A nivel internacional, la EEAD realiza proyectos de investigación europeos de las convocatorias H2020, INTERREG POCTEFA, INTERREG SUDOE, ERANET Med y acciones COST, además de participar en redes de investigación, por ejemplo, de países como Bélgica, Francia o Hungría. También forma parte de consorcios europeos con empresas.
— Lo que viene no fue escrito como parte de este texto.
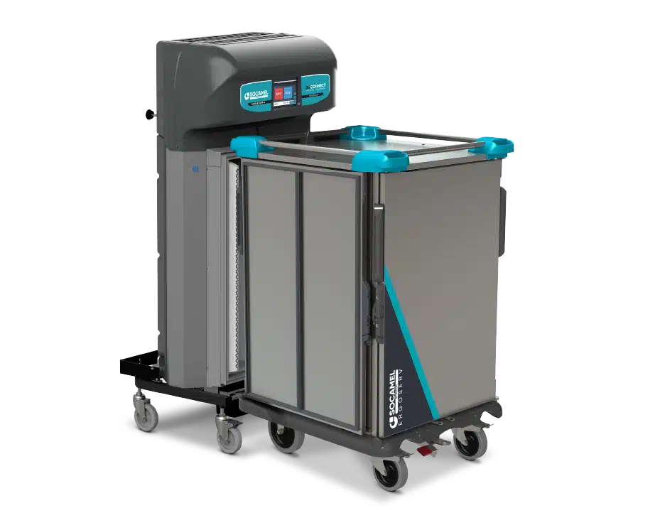 Eine Kombination von Andockstation und Tablettwagen bildet die Verbindung zwischen Küche und Stationen – die perfekte Lösung für das Kühlen und Durcherhitzen von Speisen auf individuell angerichteten Tabletts. Wir sind Erfinder und Pionier dieser Lösung und rüsten seit über 30 Jahren weltweit Kliniken, JVAs und Senioreneinrichtungen damit aus.
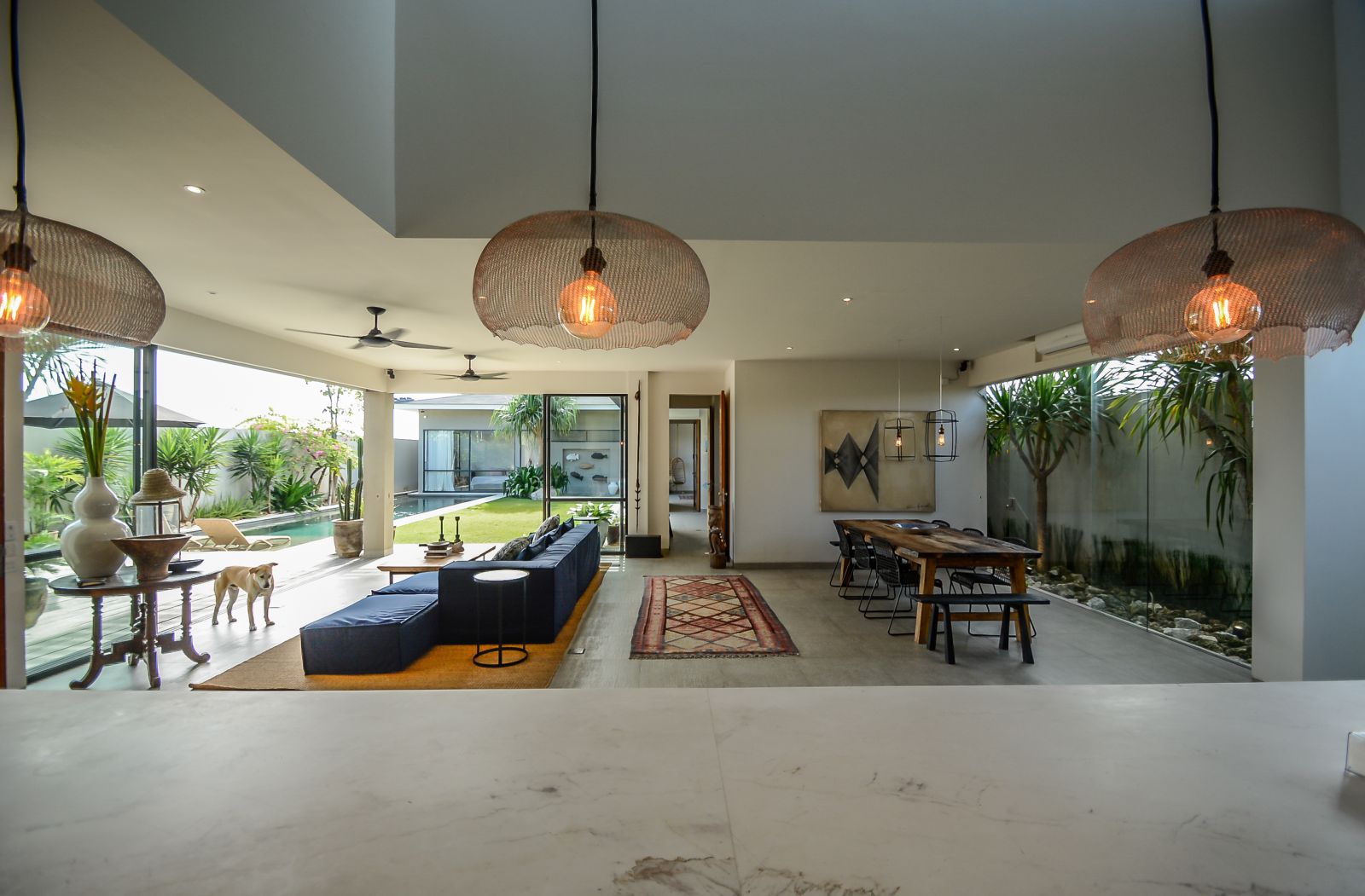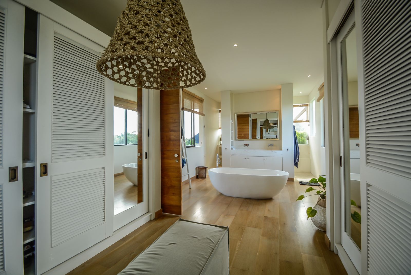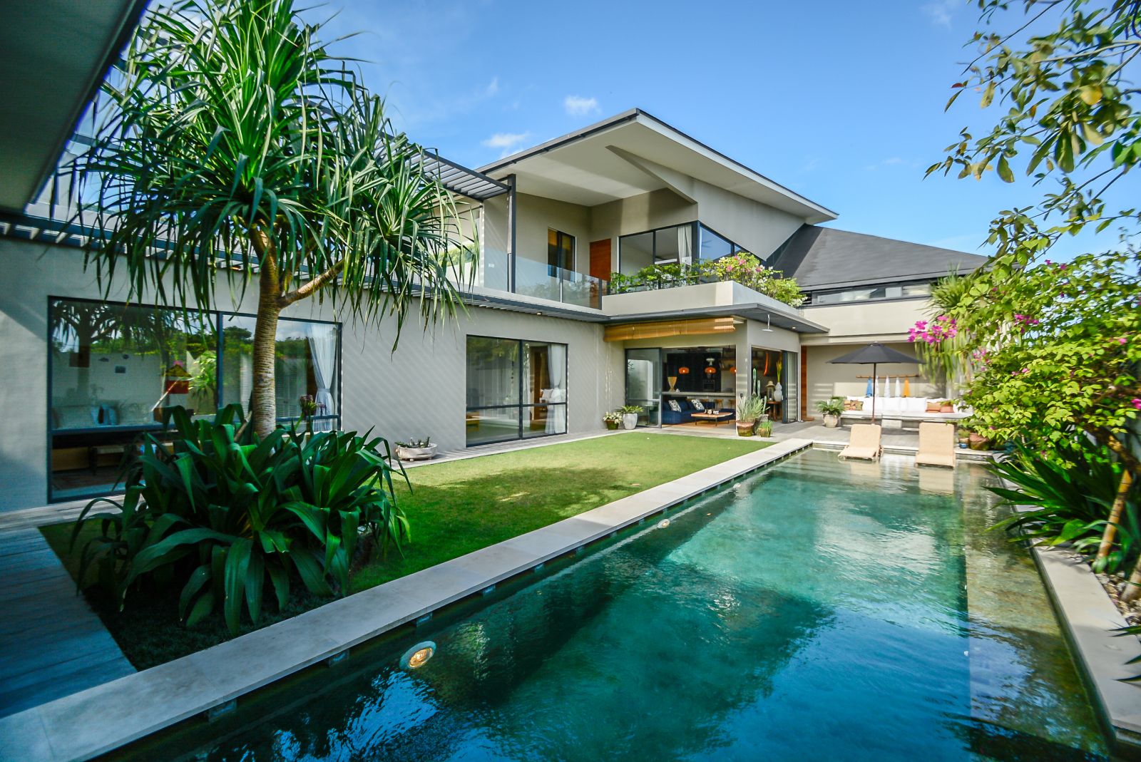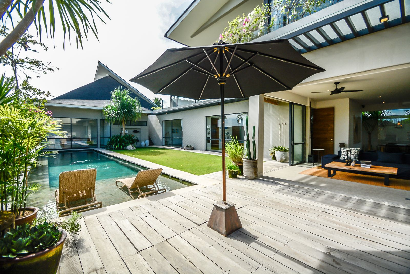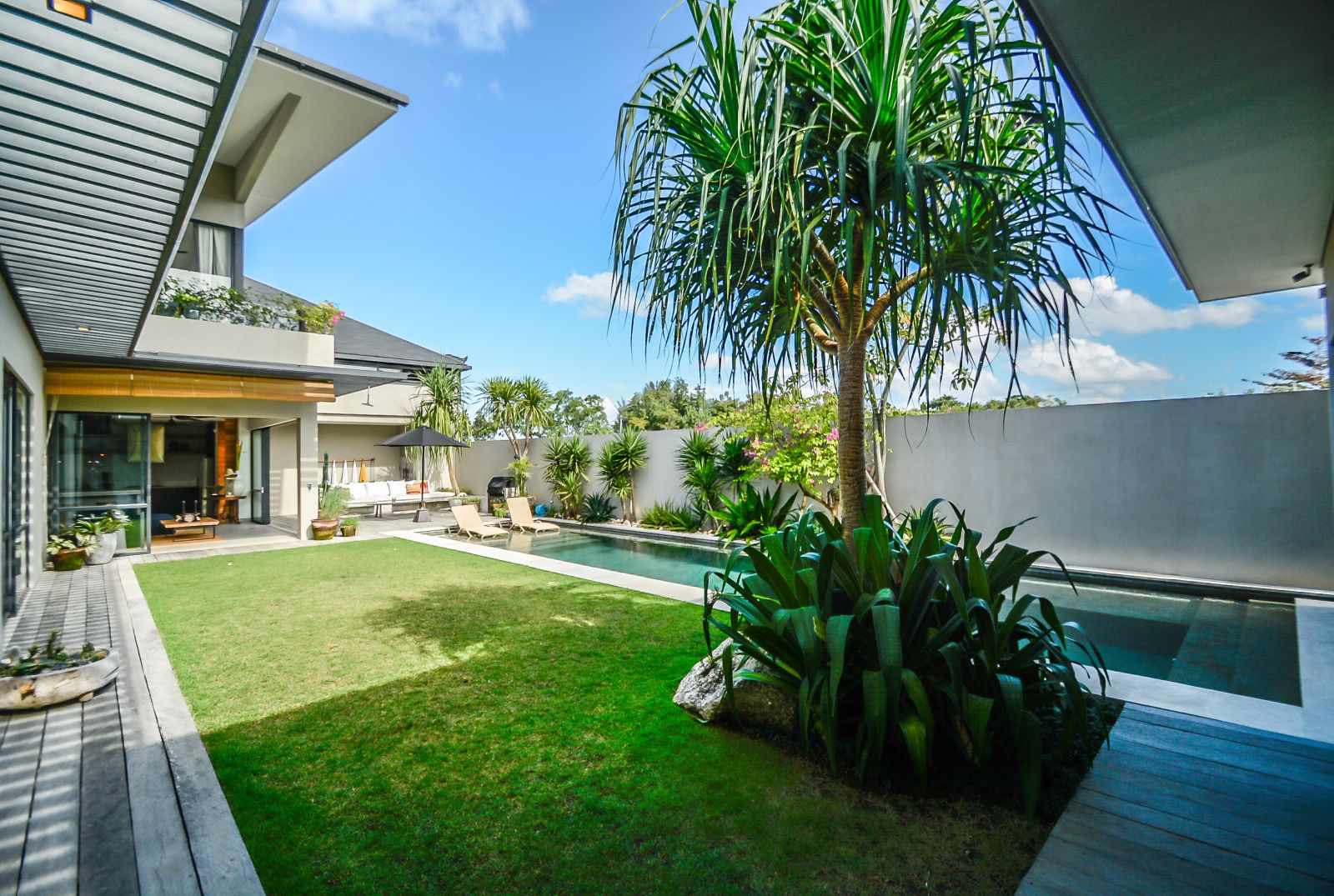 The villa’s grand proportions and dreamy design make it a true sanctuary, perfect for both relaxing and entertaining. A spacious swimming pool sits at the heart of the home, surrounded by lush greenery and thoughtfully designed social spaces.

En estos momentos, está inmersa en diez proyectos europeos "con financiación importante".

Son las líneas de trabajo de la EEAD-CSIC, que cuenta con 15 grupos de investigación y cuatro principales líneas de centradas en la Pomología (con acciones destacadas en, por ejemplo, mejora genética de la fruticultura moderna), Genética y Producción vegetal (con tecnología de última generación para cereales como la cebada), la Nutrición vegetal (con líneas sobre compuestos fundamentales para el metabolismo de las plantas como el hierro) y Suelo y Agua, contando con grandes climatólogos para abordar modelos de erosión, entre otras investigaciones que engloban estos cuatro grandes departamentos.